Per-backend defaults that used to be hardcoded in ModelConfig.Prepare() now live in core/config/hooks_*.go files and self-register via init():

  • hooks_llamacpp.go → GGUF metadata parsing, context size, GPU layers, jinja template
  • hooks_vllm.go → tool/reasoning parser auto-selection from parser_defaults.json

Hook keys:

  • "llama-cpp", "vllm", "vllm-omni", … — backend-specific
  • "" — runs only when cfg.Backend is empty (auto-detect case)
  • "*" — global catch-all, runs for every backend before specific hooks

Multiple hooks per key are supported and run in registration order.

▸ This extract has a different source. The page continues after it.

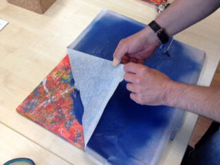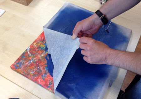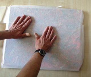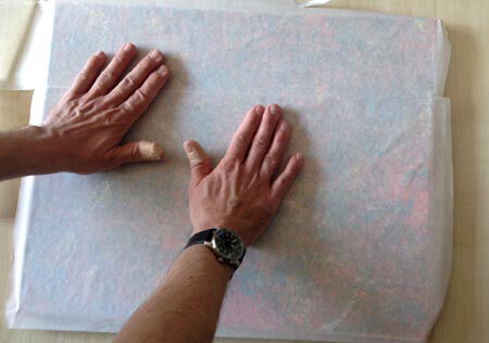 Auf das getrocknete Bild Papiertape, im cameo Onlineshop erhältlich, blasenfrei aufziehen. (Bild Nr.3 + 4)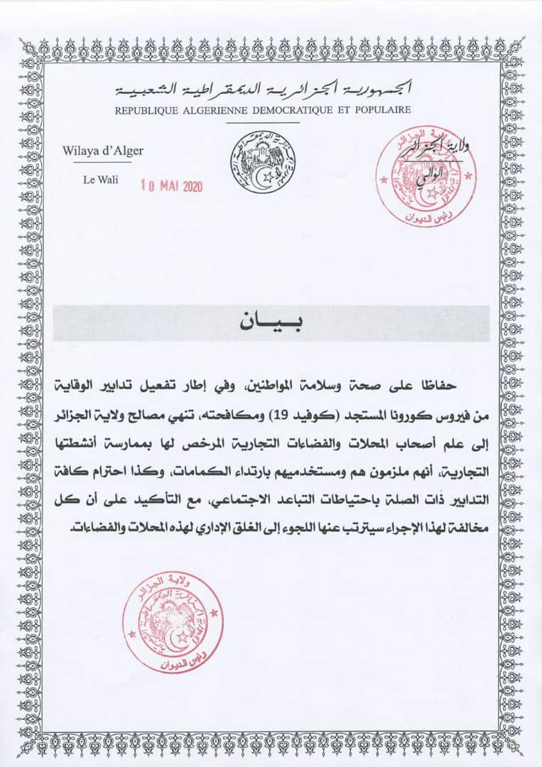 تنهي مصالح ولاية الجزائر إلى علم أصحاب المحلات والفضاءات التجارية المرخص لها بممارسة نشاطها، أنهم ملزمون هم ومستخدميهم بارتداء الكمامات.

Adding a new backend default:

go
// core/config/hooks_<backend>.go
func init() {
    RegisterBackendHook("<backend>", myDefaults)
}
func myDefaults(cfg *ModelConfig, modelPath string) {
    // only fill in fields the user didn't set
}

The Messages.ToProto() fields you need to set

core/schema/message.go:ToProto() must serialize:

  • ToolCallIDproto.Message.ToolCallId (for role="tool" messages — links result back to the call)
  • Reasoningproto.Message.ReasoningContent
  • ToolCallsproto.Message.ToolCalls (JSON-encoded string)

These were originally not serialized and tool-calling conversations broke silently — the C++ llama.cpp backend reads them but always got empty strings. Any new field added to schema.Message and proto.Message needs a matching line in ToProto().